No way the young guys who affectionately nicknamed him “Vintage” and picked his brain for face-off tips could possibly feel as desperate as the old fourth-liner with no job security for 2020-21. But he could help them come close.
“Just trying to spark the guys,” Spezza explained of the five-minute major, which drew a chorus of stick slaps from the bench. “Just trying to show some desperation and have some pushback. Without the crowd, you don’t have that. Just trying to create some emotion and play the role that I’m in. Trying to get everyone going.”
Hey, maybe the Maple Leafs’ all-stars wouldn’t have thrown down their historic three-goal, three-minute, goalie-pulled comeback without Spezza’s calculated bit of barbarianism. We’ll never know.
We do know the effort of Spezza’s fourth line — which topped all units by generating 78.57 per cent of shot attempts 5-on-5 — made an impression.
“Jason Spezza just did not want our season to end today. He played with that level of urgency. You see the fight. That’s playoff hockey,” said coach Sheldon Keefe, unprompted. “That’s a guy not wanting to go down — literally — without a fight.”
Hyman, who sniped the tying goal with 22 seconds left in regulation, recently revealed that he and his new bride are going to have a baby this winter. He said he wouldn’t hesitate to call “Spezz” in the middle of the night for parenting tips.
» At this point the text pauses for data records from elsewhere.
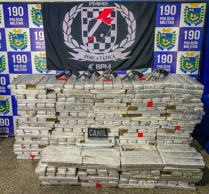 Neste sábado (18), uma ação da Equipe de Força Tática, com apoio da Equipe Canil do 4º Batalhão de Polícia Militar resultou na apreensão de aproximadamente 500 quilos de maconha e cinco armas de fogo em uma residência localizada no Bairro Jardim Primavera, em Ponta Porã.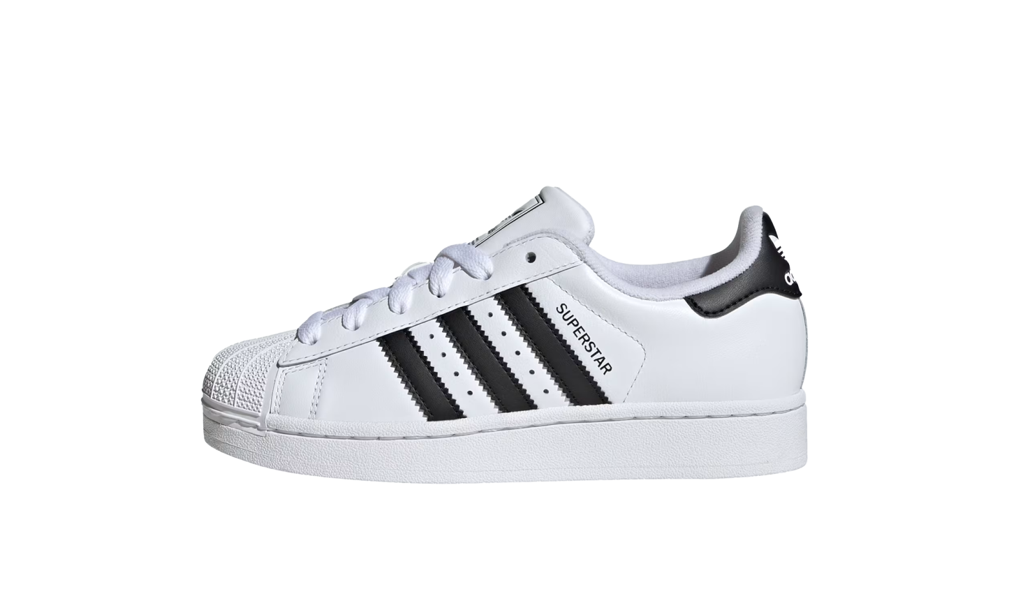 The Superstar II GS 'White Black' shoe features a classic two-tone design, offering a versatile and timeless addition to any sneaker collection.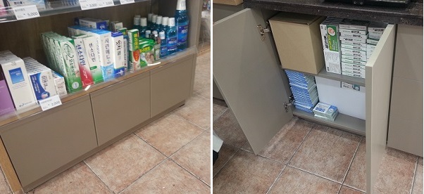 접수대 뒷면은 제품 진열 공간으로 사용하고 있다. 제품 보관보다는, 전시효과를 노린 배치로, 환자가 처방전을 내고 복약상담을 하며 가장 눈이 많이 가는 곳에 건기식 등이 보이도록 했다.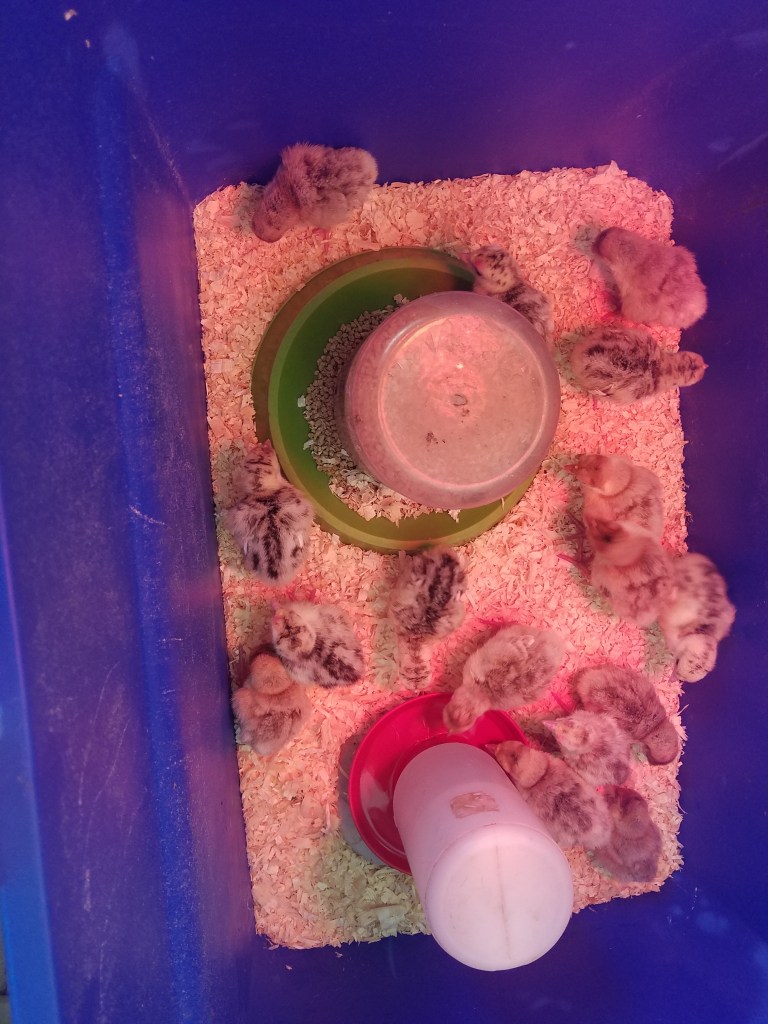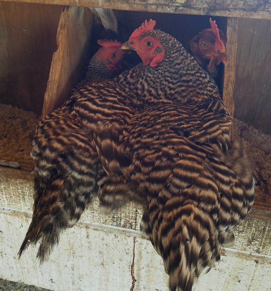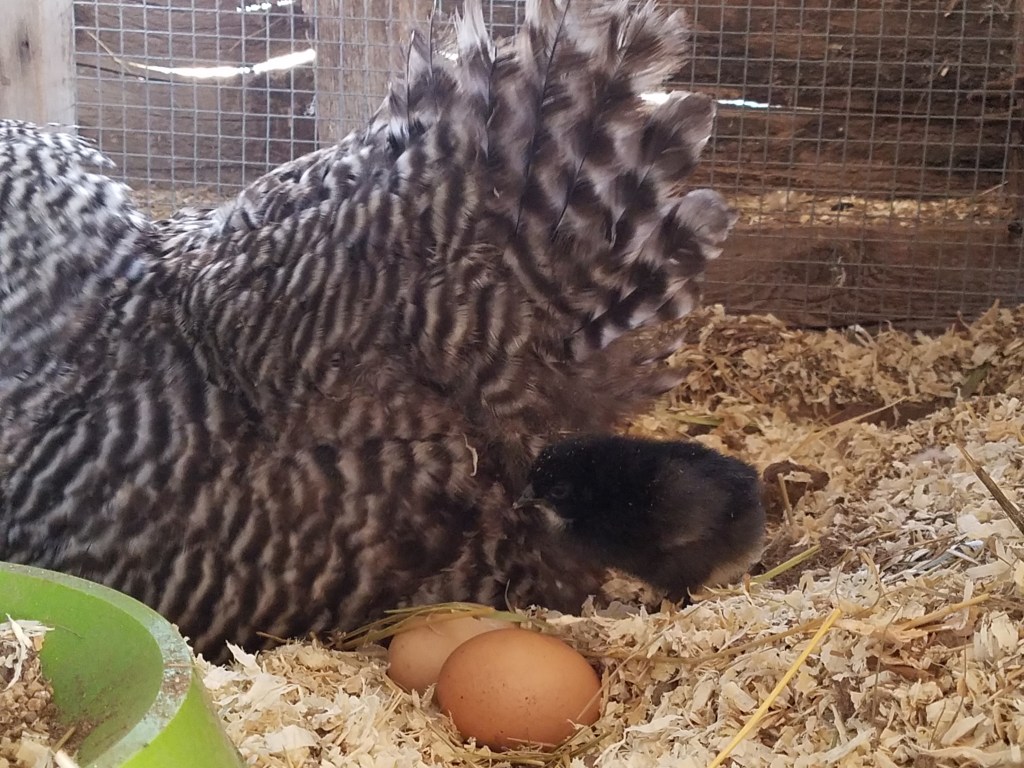 The chickens, appalled by these events, decided that they needed to take drastic action. They couldn’t be one-upped by turkeys so 3 of them made a pact to go broody… at the same time. Only one peep hatched … heat, was a big factor on hatch rate… Corndog lost all of her eggs – twice. She almost holds the record of being broody the longest but she is now happily molting. A no-named foster chicken was the last of the trio setting. She was moved to a better brooding spot with a little cooler temperatures but she, too, did not hatch any of her eggs.

Seeing that fight meant something to Hyman. Spezza got the boys going. Somehow, with less time on the clock, the group’s confidence in a comeback was better in the second intermission than the first.
“He wants it more than anybody,” Hyman said. “He was a first-line player throughout his career, an all-star, Hall of Famer — and now he’s playing on the fourth line and he’s willing to drop the gloves and give our team momentum when we’re down.
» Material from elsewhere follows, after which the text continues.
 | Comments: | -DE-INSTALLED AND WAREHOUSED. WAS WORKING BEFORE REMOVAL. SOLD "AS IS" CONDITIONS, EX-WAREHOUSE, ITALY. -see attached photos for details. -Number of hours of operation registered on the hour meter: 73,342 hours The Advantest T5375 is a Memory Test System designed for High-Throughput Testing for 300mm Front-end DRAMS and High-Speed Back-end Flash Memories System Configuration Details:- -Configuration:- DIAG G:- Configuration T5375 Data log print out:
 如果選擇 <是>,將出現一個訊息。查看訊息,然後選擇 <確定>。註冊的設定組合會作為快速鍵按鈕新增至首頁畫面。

“He’s a real leader on our team, and he’s a huge part of our team. We all love him.”
Game 4 was Spezza embracing his new role — critical bit player in the Leafs’ 19-act drama — to an extent that seemed almost impossible.
To think: Spezza was healthy-scratched on Opening Night against Ottawa because former coach Mike Babcock believed he wasn’t really interested in being a fourth-liner. As Toronto’s roller-coaster season rolled, Spezza was at risk of being waived due to a salary-cap crunch.
Yet well-spaced forward injuries kept his dream on life support, and a coaching change secured more ice time. As Keefe has tinkered with his fourth unit in this series, benching Frederik Gauthier and Pierre Engvall for games, Spezza’s presence has been steady, valued.
Spezza has gone out of his way to chat with quiet 18-year-old Nick Robertson, closer to Sophia’s age than his, because he remembers what it’s like being an OHL phenom wedged into an NHL playoff roster and just yearning to belong. He’s ditched the suit and tried to embrace the Leafs’ fashion-forward game-day attire.
Now that he’s found a niche, he doesn’t want to crawl out.
“This is a time when experience really pays off. You can be calm in pressure-packed situations, and I’ve always had good playoff performances,” Spezza said. “This is kind of what you envision — being a piece of a good team and having to be a leader.”
What you don’t envision is three straight 6-on-5 goals, an overtime win and being on the fun side of an 0-3 comeback 21 hours after being on the wrong side of one.
“I’ve never been a part of anything like that,” said Spezza, 17 years deep. “With the firepower we have with these guys, the way they can put the puck in the net, we’re never out of it. There’s a great sense of belief in our group.”
Sophia, Nicola, Anna and Julia couldn’t be there Friday to press their faces to the glass and watch one of the most exhilarating wins of Dad’s career. But the good thing about the bubble? It’s see-through.
“They’ll be watching the games a little more eagerly because they know what has gone into it,” Spezza said.
“That’s what families are for – you lean on each other in difficult times.”